*WHAT IS NEEDED*: Beneath this instruction is a listing. Transcribe from it only the stretch from the line with "A cinematic shot" through the line with "Today we will", both end lines included, exactly as written.

*RECORDS TO PROCESS*:
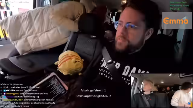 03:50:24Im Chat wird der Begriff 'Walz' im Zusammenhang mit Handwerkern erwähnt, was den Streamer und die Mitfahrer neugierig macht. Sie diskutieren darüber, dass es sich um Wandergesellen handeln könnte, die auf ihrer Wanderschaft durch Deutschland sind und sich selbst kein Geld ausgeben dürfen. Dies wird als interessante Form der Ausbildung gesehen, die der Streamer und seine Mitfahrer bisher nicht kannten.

---

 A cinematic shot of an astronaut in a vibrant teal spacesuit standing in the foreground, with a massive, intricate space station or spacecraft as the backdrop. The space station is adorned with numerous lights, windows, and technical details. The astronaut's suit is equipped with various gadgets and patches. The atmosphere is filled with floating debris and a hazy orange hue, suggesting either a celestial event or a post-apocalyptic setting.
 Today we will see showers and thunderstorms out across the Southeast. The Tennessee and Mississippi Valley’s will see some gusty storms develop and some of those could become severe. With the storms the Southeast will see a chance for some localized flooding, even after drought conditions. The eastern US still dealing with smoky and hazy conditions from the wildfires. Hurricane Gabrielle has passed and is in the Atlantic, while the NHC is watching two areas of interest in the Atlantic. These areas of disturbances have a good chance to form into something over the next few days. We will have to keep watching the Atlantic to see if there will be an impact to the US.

*SOLUTION FOR THIS TASK*:
 A cinematic shot of an astronaut in a vibrant teal spacesuit standing in the foreground, with a massive, intricate space station or spacecraft as the backdrop. The space station is adorned with numerous lights, windows, and technical details. The astronaut's suit is equipped with various gadgets and patches. The atmosphere is filled with floating debris and a hazy orange hue, suggesting either a celestial event or a post-apocalyptic setting.
 Today we will see showers and thunderstorms out across the Southeast. The Tennessee and Mississippi Valley’s will see some gusty storms develop and some of those could become severe. With the storms the Southeast will see a chance for some localized flooding, even after drought conditions. The eastern US still dealing with smoky and hazy conditions from the wildfires. Hurricane Gabrielle has passed and is in the Atlantic, while the NHC is watching two areas of interest in the Atlantic. These areas of disturbances have a good chance to form into something over the next few days. We will have to keep watching the Atlantic to see if there will be an impact to the US.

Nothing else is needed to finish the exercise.